Building upon earlier theoretical frameworks of mental imagery, Bergen and Chang (2005) proposed a computational simulation model and further refined it in 2013. This model represents one of the latest simulation-based language understanding models, which divides language comprehension into three core processes (i.e., constructional analysis, contextual resolution, and embodied simulation). These processes are argued to overlap temporally and mutually influence each other, highlighting the dynamic nature of mental imagery. The constructional analysis process involves identifying the constructional information (form and meaning) instantiated by a given utterance and assembling a corresponding semantic specification that depicts the evoked meaning schemas and their interconnections (Bergen and Chang, 2013). The contextual resolution process maps objects and events in the semantic specification to the current communicative context, resulting in a resolved semantic specification. This stage activates world knowledge about entities and events in the communicative context. The third process, embodied simulation, involves dynamic embodied structures in the resolved semantic specification generating contextually appropriate inferences. According to this computational simulation model, language comprehension not only mirrors traditional syntactic parsing processes that automatically analyze the syntactic structure of a given utterance but also extends its scope to consider the specific communicative context that best situates the meaning of the utterance.
The theoretical models of mental imagery in language comprehension have established robust foundations, prompting empirical studies to validate and refine these frameworks. Most research has focused on visual and motor simulation in processing words and sentences in the first language (L1) (Bergen et al., 2003, 2007, 2010; Bergen, 2005; Bergen and Wheeler, 2005, 2010; Sato and Bergen, 2013; Liu and Bergen, 2016). However, there has been a fast-growing interest in embodied cognition in the context of second language (L2) processing over the last decade. Empirical questions have centered on understanding the accessibility of sensorimotor activation mechanisms in L2 processing and the L2-related factors that influence the interaction between sensorimotor simulation and linguistic processing. Despite the growing body of empirical evidence on L2 mental imagery, there remains a lack of an underpinning theoretical framework.

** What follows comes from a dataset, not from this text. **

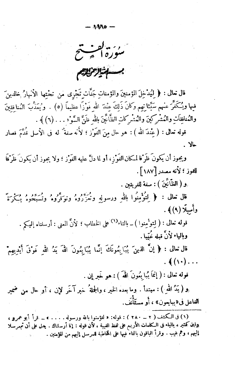 قَوْلُهُ تَعَالَى: (إِنَّمَا يُبَايِعُونَ اللَّهَ) : هُوَ خَبَرُ إِنَّ. وَ (يَدُ اللَّهِ) : مُبْتَدَأٌ. وَمَا بَعْدَهُ الْخَبَرُ، وَالْجُمْلَةُ خَبَرٌ آخَرُ لَإِنَّ، أَوْ حَالٌ مِنْ ضَمِيرِ الْفَاعِلِ فِي «يُبَايِعُونَ» أَوْ مُسْتَأْنَفٌ.

Therefore, the current study aims to make an initial attempt to propose an L2 model of mental simulation, drawing on Bergen and Chang’s (2013) simulation-based L1 processing model. The findings from the current empirical study will also contribute to refining this proposed L2 model.
1.1 Mental imagery in first language processingPrevious studies on embodied mental imagery have explored the interaction between image schema and linguistic representations, uncovering compatibility and interference effects in the language comprehension process. The compatibility effect suggests that language processing activates perceptual neurons associated with mental representations, resulting in faster responses to corresponding images compared to incompatible ones (Stanfield and Zwaan, 2001; Zwaan et al., 2002; Bergen, 2007). For instance, when processing a sentence like A boy climbs a mountain, the UP-DOWN schema might be activated, leading to quicker responses to a vertical spatial configuration than to a horizontal one. In contrast, the interference effect indicates that language processing occupies the same perceptual neurons of mental representation, potentially hindering responses to corresponding images and causing delays compared to incompatible images. This phenomenon has been observed in studies where language processing interferes with the mental imagery of corresponding visual representations (Bergen, 2005; Kaschak et al., 2005; Bergen et al., 2007; Connell, 2007). These early findings establish the foundation for understanding how language comprehension involves mental imagery and how the embodied nature of cognition shapes the interpretation of linguistic expressions.
The sentence-picture verification task (SPVT) paradigm is widely used to examine mental imagery effects, often employing response time (RT) analysis (Stanfield and Zwaan, 2001; Bergen et al., 2003; de Koning et al., 2017a). In the SPVT, participants are presented with a sentence followed by a picture, and they must quickly determine whether the picture matches or mismatches the content of the preceding sentence. For instance, a seminal study by Stanfield and Zwaan (2001) utilized the SPVT to investigate compatibility effects in mental simulation related to spatial orientation. Participants read a sentence implying the orientation of a concrete object, e.g., “John put the pencil in the drawer” (horizontal) or “John put the pencil in the cup” (vertical), and viewed a picture of the object presented in either horizontal or vertical orientation. The results indicated that verification RTs were 44 milliseconds shorter in the matching condition than the mismatching condition, suggesting a compatibility effect. This implies that recognition of objects by English native speakers (NSs) was influenced by the orientation implied in the sentences. In summary, the SPVT paradigm has been pivotal in revealing the role of mental imagery in L1 processing, particularly highlighting the interplay between activated image schemas and semantic specifications.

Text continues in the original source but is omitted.